Former Prime Minister Yasuhiro Nakasone, a confirmed conservative pushed economic liberalization. He also encouraged nationalism by reviving official visits to Yasukuni Shrine. Conservatives believe that an arms buildup is essential to national defense. Former U.S. President Ronald Reagan slashed Social Security spending to reduce the federal budget deficit, but he also invested heavily in the "Star Wars" national missile defense program. Conservatives view government as a system designed primarily to maintain order. Government functions such as defense, diplomacy, financial-market oversight, crime control and firefighting all aim at achieving this objective.

Protecting traditional systems and customs, particularly those involving the state and family, is one of the highest priorities for conservatives. They believe that state and family traditions must be preserved to maintain social order. They smell a rat in cosmopolitanism. For them, patriotism is the most important attribute of a people.
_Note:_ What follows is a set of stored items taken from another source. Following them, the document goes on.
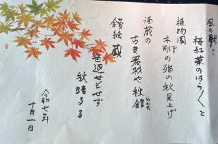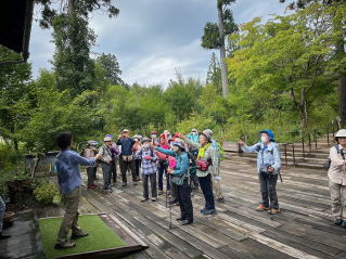 予定より早く雪国植物園に到着したが、雨は降っておらず、早速入園する。ちょうど「ヒガンバナ祭り」が開催中で、園の人とじゃんけんをして勝った人には、外山康雄先生の秋の山野草の絵はがきプレゼントといううれしい企画があり、皆さん大いに盛り上がった。私は早々に負けてしまったが、多くの方々が勝って、美しい絵はがきをゲット。(いいなぁ〜)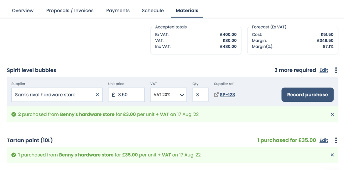 Linking your items to materials enables you to import a list of materials needed for a job directly from the quote.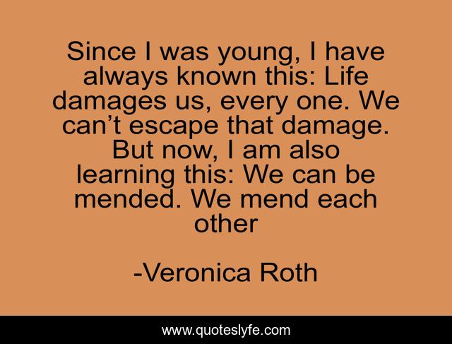 This page presents the quote "Since I was young, I have always known this: Life damages us, every one. We can’t escape that damage. But now, I am also learning this: We can be mended. We mend each other". Author of this quote is Veronica Roth. This quote is about enthusiasm, pain, hope, inspirational,.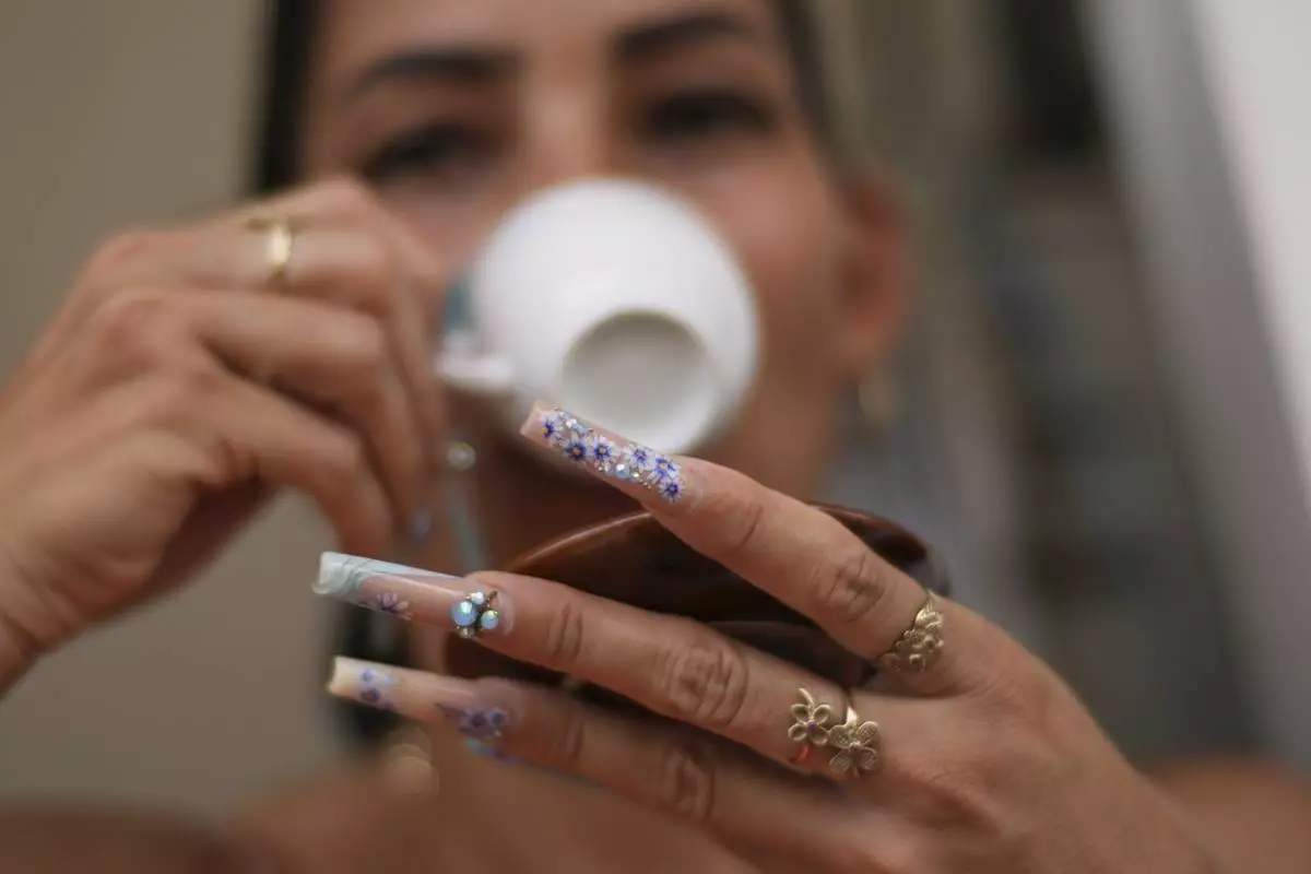 Yalema Gonzalez, wearing long, decorative nails, drinks her afternoon coffee at her home in La Gallega, Havana province, Cuba, Saturday, June 28, 2025. (AP Photo/Ramon Espinosa)

The ongoing information-technology revolution will shake up the concept of the nation-state. With the Internet connecting people across national boundaries, the traditional framework of nation-states is bound to weaken. This does not mean, however, that the world will become a single community. Instead, the more the world globalizes, the more fragmentary it will become -- a process that pundit John Nesbitt called a "global paradox."

The development of a global information network connecting individuals, or fragmentary regions, around the world does not necessarily mean that politics and culture will become uniform in the same way as economic activity. On the contrary, pressure for uniformity will create resistance in the form of, say, nationalism, cultural protectionism or religious fundamentalism.

As a result, ethnic, religious and cultural conflicts will come to a head even in small regions that may on the surface look homogeneous. Most likely conservatives alarmed by cross-cultural frictions will mount a campaign to exclude foreign groups in order to protect the culture of their country.

Thus the IT revolution, which is being promoted by conservatives who believe in market might, will intensify the conflict between true conservatism committed to cultural protectionism and market fundamentalism and those who oppose economic protectionism.

Takamitsu Sawa, professor of economics at Kyoto University, is also the director of the university's Economic Research Institute.